## EXERCISE DATA
═══

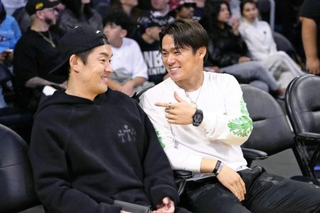 LOS ANGELES — Los Angeles Dodgers hurler Yoshinobu Yamamoto attended Monday’s NBA game between t...
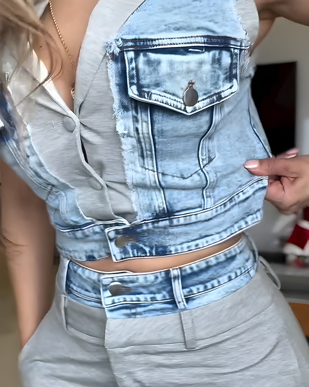 Women’s Fashion Denim Patchwork Sleeveless Top
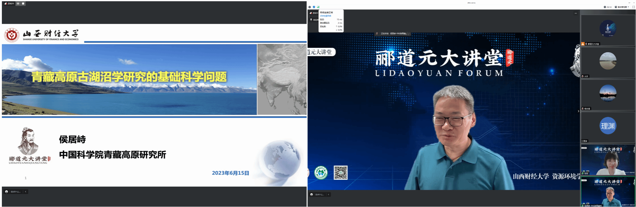 2023年6月15日下午,中国科学院青藏高原研究所研究员侯居峙受邀为我校举办的“郦道元大讲堂”开展了题为“青藏高原古湖泊学研究中的基础科学问题”的精彩学术报告,报告采用线上方式举办,吸引了约500名师生和学者参加了此次报告。365英国上市公司院长班凤梅主持了此次讲座。

═══

Reproduce exactly the line containing "Women’s Fashion Denim" and every line after it in the material above, up to and including the last. Exclude all pictures.

## EXERCISE OUTPUT
 Women’s Fashion Denim Patchwork Sleeveless Top
 2023年6月15日下午,中国科学院青藏高原研究所研究员侯居峙受邀为我校举办的“郦道元大讲堂”开展了题为“青藏高原古湖泊学研究中的基础科学问题”的精彩学术报告,报告采用线上方式举办,吸引了约500名师生和学者参加了此次报告。365英国上市公司院长班凤梅主持了此次讲座。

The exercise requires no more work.